Question

Find the sum: $\frac{1}{2}+\frac{1}{4}+.............+\frac{1}{2^{10}}$

Answer 1

It is given that the first term of G.P is $a_1=\frac{1}{2}$ and the second term is $a_2=\frac{1}{4}$, therefore,

$r=\frac{\frac{1}{4}}{\frac{1}{2}}=\frac{1}{4}\times 2=\frac{1}{2}$

We know that the formula for the $n$th term of an G.P is $T_n=a{r}^{n-1}$, where $a$ is the first term, $r$ is the common ratio.

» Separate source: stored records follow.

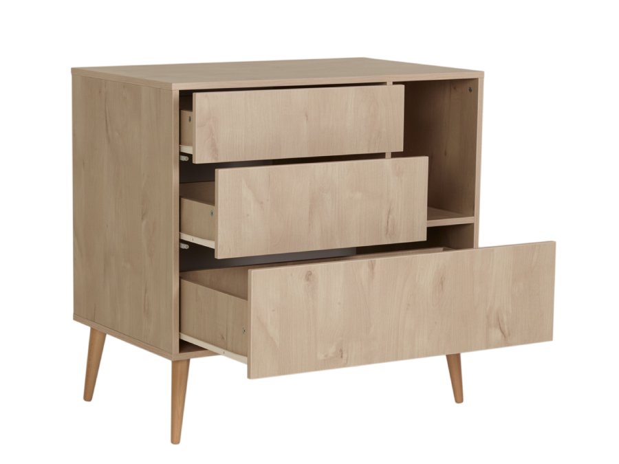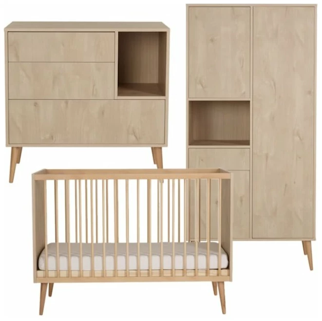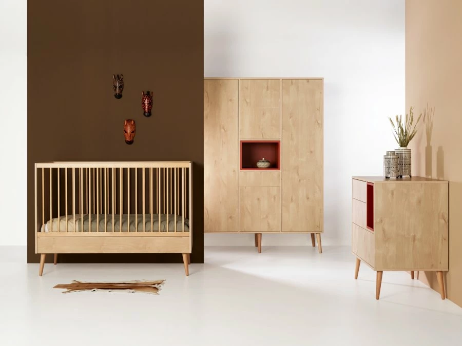 De Quax Cocoon 3-delige babykamer in de kleur natural oak is een aanwinst en elk huishouden. De set bestaat uit een ledikant (60×120), kledingkast en een commode. Zo kan je baby slapen, kun je verschonen en heb je genoeg opbergruimte. In de Cocoon collectie van Quax is ook een bladvergroter beschikbaar zodat je meer ruimte hebt tijdens het verschonen en je baby recht voor je ligt. Dit maakt het een stuk gemakkelijker. Deze is los bij te bestellen net als een passend matrasje. Voor zowel de kledingkast als de commode zijn nissen beschikbaar in verschillende kleuren zodat je er je eigen twist aan kunt geven.
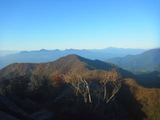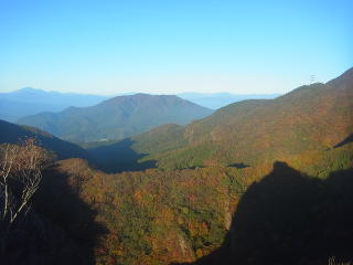 | 反射板付近から見る浅間山。下の方に岩壁が見えました。 |
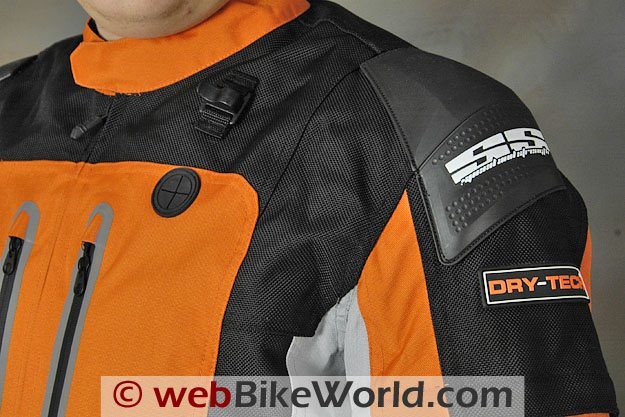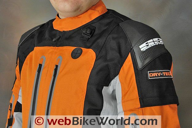 The Hell ‘N Back jacket has external plastic sliders on the shoulders in addition to the internal shoulder armor and also the same thick-feeling back padding used on the Coast is Clear jacket.

It is given that the first term of G.P is $a=\frac{1}{2}$, the $n$th term is $T_n=\frac{1}{2^{10}}$ and the common ratio is $r=\frac{1}{2}$, therefore,

$T_n=a{r}^{n-1}\Rightarrow \frac{1}{2^{10}}=\left(\frac{1}{2}\right)\times {\left(\frac{1}{2}\right)}^{n-1}\Rightarrow \frac{1}{2^{10}}={\left(\frac{1}{2}\right)}^{n-1+1}\Rightarrow \frac{1}{2^{10}}={\left(\frac{1}{2}\right)}^n\Rightarrow \frac{1}{2^{10}}=\frac{1}{2^n}\Rightarrow n=10$

Now, the formula for sum of $n$ terms of G.P is $S_n=\frac{a(1-r^n)}{1-r}$, where $a$ is the first term, $r$ is the common ratio.

In the given geometric series, the first term is $a=\frac{1}{2}$, the common ratio is $r=\frac{1}{2}$ and the number of terms are $n=10$, therefore,

$S_{10}=\frac{\left(\frac{1}{2}\right)(1-{\left(\frac{1}{2}\right)}^{10})}{1-\frac{1}{2}}=\frac{\left(\frac{1}{2}\right)(1-\frac{1}{2^{10}})}{\frac{1}{2}}=1-\frac{1}{2^{10}}=\frac{2^{10}-1}{2^{10}}=\frac{1024-1}{1024}=\frac{1023}{1024}$

Hence, the sum is $\frac{1023}{1024}$.